WT and TALK-1 KO mouse islet cells were washed twice with KRHB-11mM. A whole-cell patch clamp technique was employed to record TALK-1-like K2P currents in single β-cells using an Axopatch 200B amplifier in voltage clamp mode with pCLAMP10 software (Molecular Devices). Cells were patched in KRBS-11mM, then in order to isolate K2P channel currents flow was switched to Ca2+-free KRHB-11mM with (in mmol/L) 0.2 tolbutamide (MP Biomedicals), 10.0 tetraethylammonium chloride hydrate (TEA), and 1.0 ethylene glycol-bis(β-aminoethyl ether)-N,N,N’,N’-tetraacetic acid (EGTA) (adjusted to pH 7.4 with NaOH). Patch electrodes (6–12 MΩ) were filled with voltage clamp intracellular solution (IC) with (in mmol/L) 140.0 KCl, 1.0 MgCl2, 10.0 EGTA, 10.0 HEPES, and 8.0 Mg-ATP (adjusted to pH 7.2 with KOH). For all voltage-clamp recordings the command voltage was held at −80 mV for 15 sec then increased from −120 mV to +60 mV over a period of 1 sec.

β-cell Vm recordings

WT and TALK-1 KO mouse islet clusters were washed twice with KRHB-11mM then incubated in KRHB-11mM for 20 min. Patch electrodes (4–6 MΩ) were filled with Vm IC with (in mmol/L) 140.0 KCl, 1.0 MgCl2, and 5.0 HEPES (adjusted to pH 7.2 with KOH) supplemented with 20 µg/mL amphotericin B. The Vm of individual β-cells within islet clusters (10–20 cells) was recorded in current clamp mode using an Axopatch 200B amplifier with pCLAMP10 software.

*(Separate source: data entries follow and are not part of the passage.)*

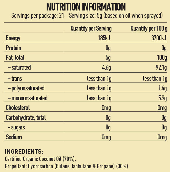 This product is Australia’s first coconut oil spray using Cocolife’s Cold-Pressed Raw Certified Organic Virgin Coconut Oil and food grade gas.
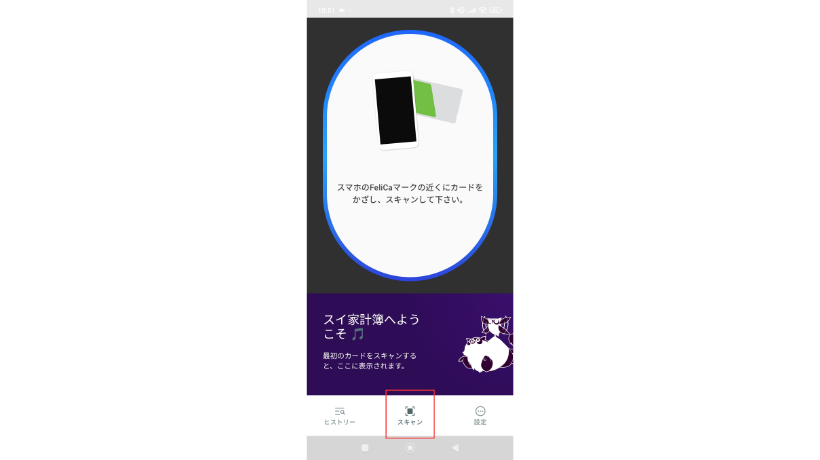 アプリを開くと真ん中にスキャンという項目がありますのでタップします。
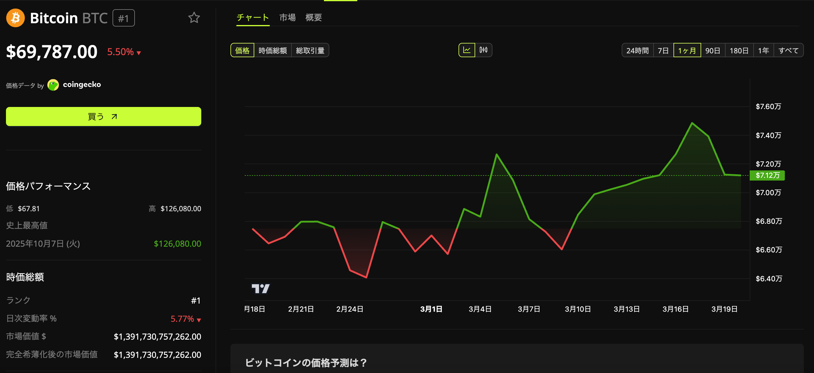ビットコインはこの報道が出た直後に74000ドル付近から約3.5%急落し、70000ドル付近まで下げた。その根底にある地政学リスクの深刻さは、翌20日に予定される日米首脳会談の議題からも読み取れる。高市早苗首相は20日、ワシントンでトランプ大統領と就任後初の会談に臨む予定で、イラン情勢の激化を受けてエネルギー安全保障が事実上の最重要テーマとなる見通しだ。日本政府はアラスカ産原油の増産協力と輸入拡大の方針をトランプ大統領に伝達することを検討しており、米国産LNGのさらなる輸入拡大も議題に上る方向で調整が進んでいる。日本の原油輸入の約9割が中東産であり、ホルムズ海峡の封鎖が長引けば国内エネルギー供給に甚大な影響が出るためだ。
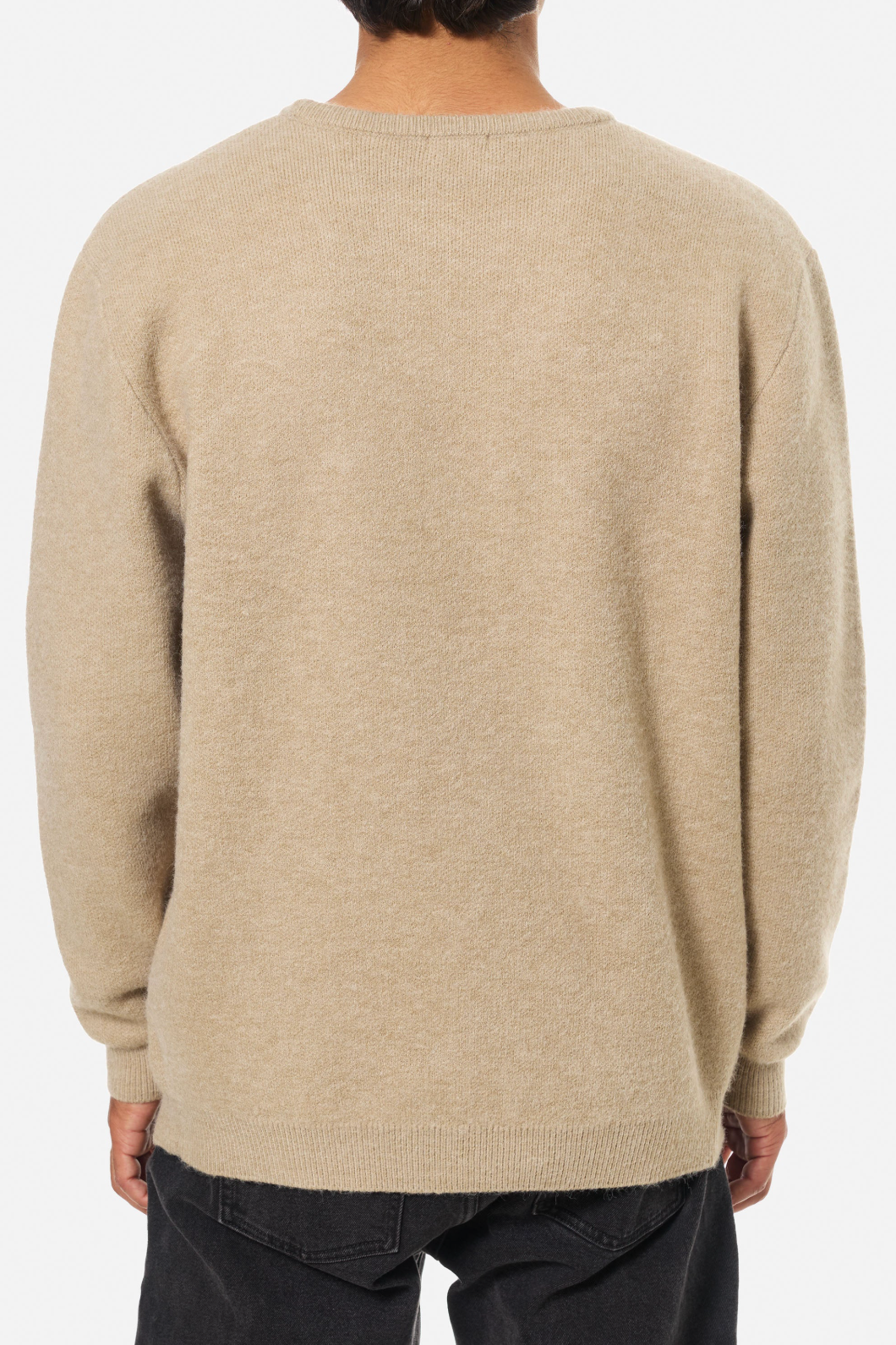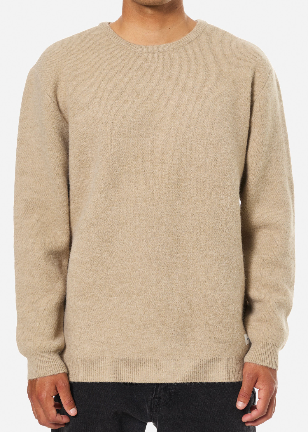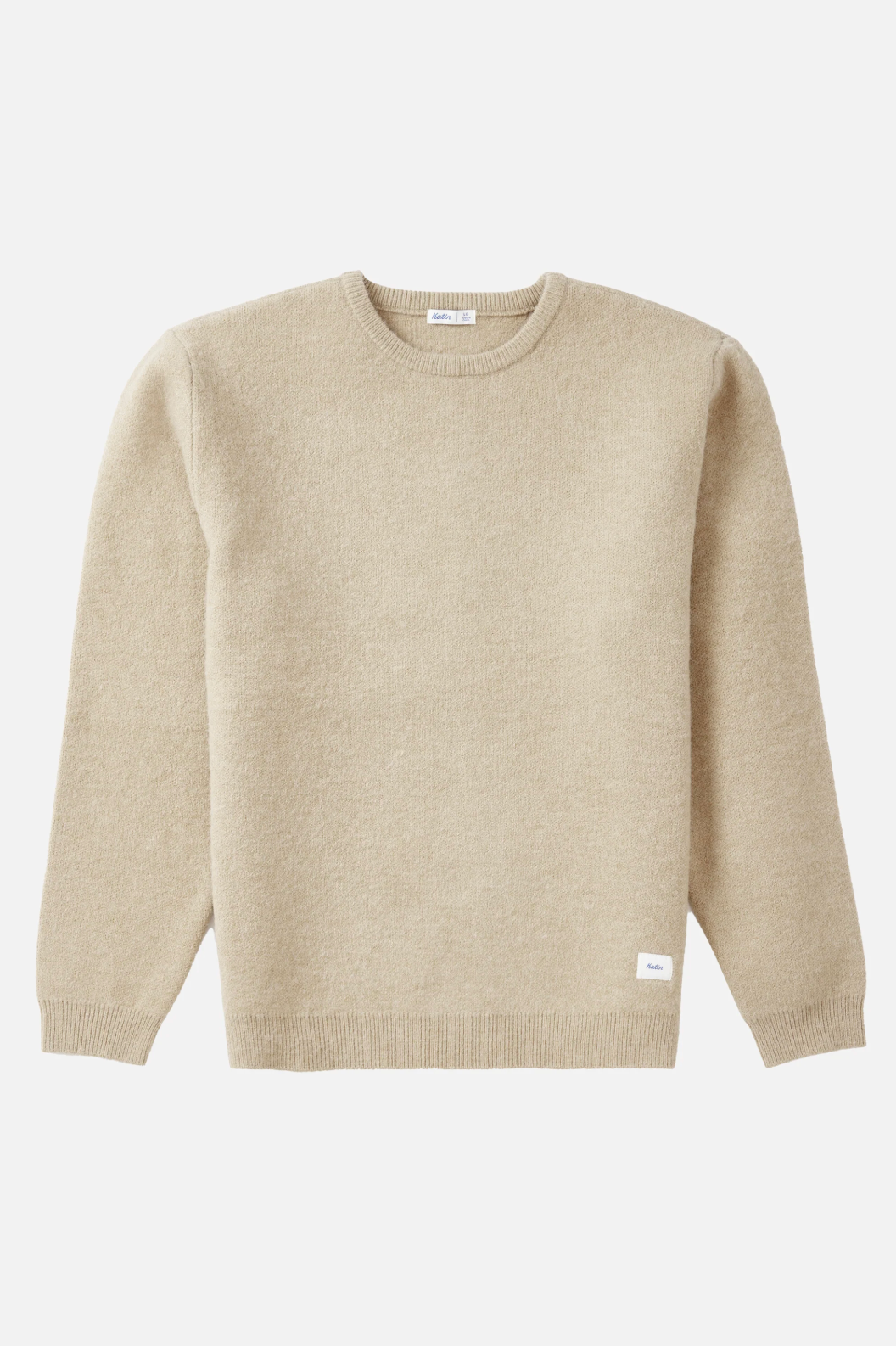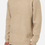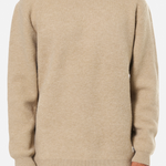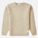 The Rivers Sweater features ultra-soft blended yarn in a light khaki color.

The electrical activity of patched β-cells was recorded for at least 10 min in KRHB-11mM then flow was changed to KRHB-2mM until action potential (AP) firing ceased for at least 3 min and baseline Vm stabilized. Cells were identified as β-cells if electrical activity ceased with 2 mM glucose.

β-cell Kslow current recordings

Mouse islet cells were washed twice with KRHB-11mM. Single cells were patched in KRBS-11mM and a perforated patch clamp technique was employed to record β-cell Kslow currents using an Axopatch 200B amplifier with pCLAMP10 software. Patch electrodes (6–12 MΩ) were filled with Kslow IC with (in mmol/L) 76.0 K2SO4, 10.0 KCl, 10.0 NaCl, 1.0 MgCl2, and 5.0 HEPES (adjusted to pH 7.35 with KOH). For all Kslow electrophysiological recordings the command voltage was held at −40 mV for 7 sec, ramped between −40 and 20 mV for 5.2 sec (wave form: triangle, train rate: 5 Hz, pulse width: 0.2 sec), and returned to −40 mV for 20 sec.

Islet insulin content and glucose-stimulated insulin secretion

WT and TALK-1 KO mouse islets were cultured overnight in islet media (supplemented with 0.5 mg/mL BSA) or islet media with cytokines at 37 °C, 5% CO2. Islets were cultured in equilibration media (DMEM (no glucose) with 10% FBS, 0.5 mg/mL BSA, 10 mM HEPES, and 0.5 mM CaCl2) supplemented with 5.6 mM glucose for 1 hr at 37 °C, 5% CO2. For insulin secretion, 20 islets were picked on ice into a 24-well plate (Corning) containing 500 µL of secretion media (DMEM (no glucose) with 0.5 mg/mL BSA, 10 mM HEPES, and 0.5 mM CaCl2) supplemented with 2 mM or 11 mM glucose, then insulin secretion was initiated for 1 hr at 37 °C, 5% CO2. After 1 hr, the plate was transferred to ice for 10 min to halt secretion and supernatants were collected in low retention 1.6 mL centrifuge tubes, which were stored at −20 °C until analyzed. Supernatants were supplemented with 1:100 mammalian protease inhibitor cocktail (MPIC). Whole islet insulin was extracted overnight at 4 °C into 400 µL of acid ethanol. Islet secretion supernatants and protein extracts were analyzed by the Vanderbilt Hormone Assay and Analytical Services Core (supported by NIH grants DK059637 and DK020593).

Data Availability

All data are available upon request from the corresponding author.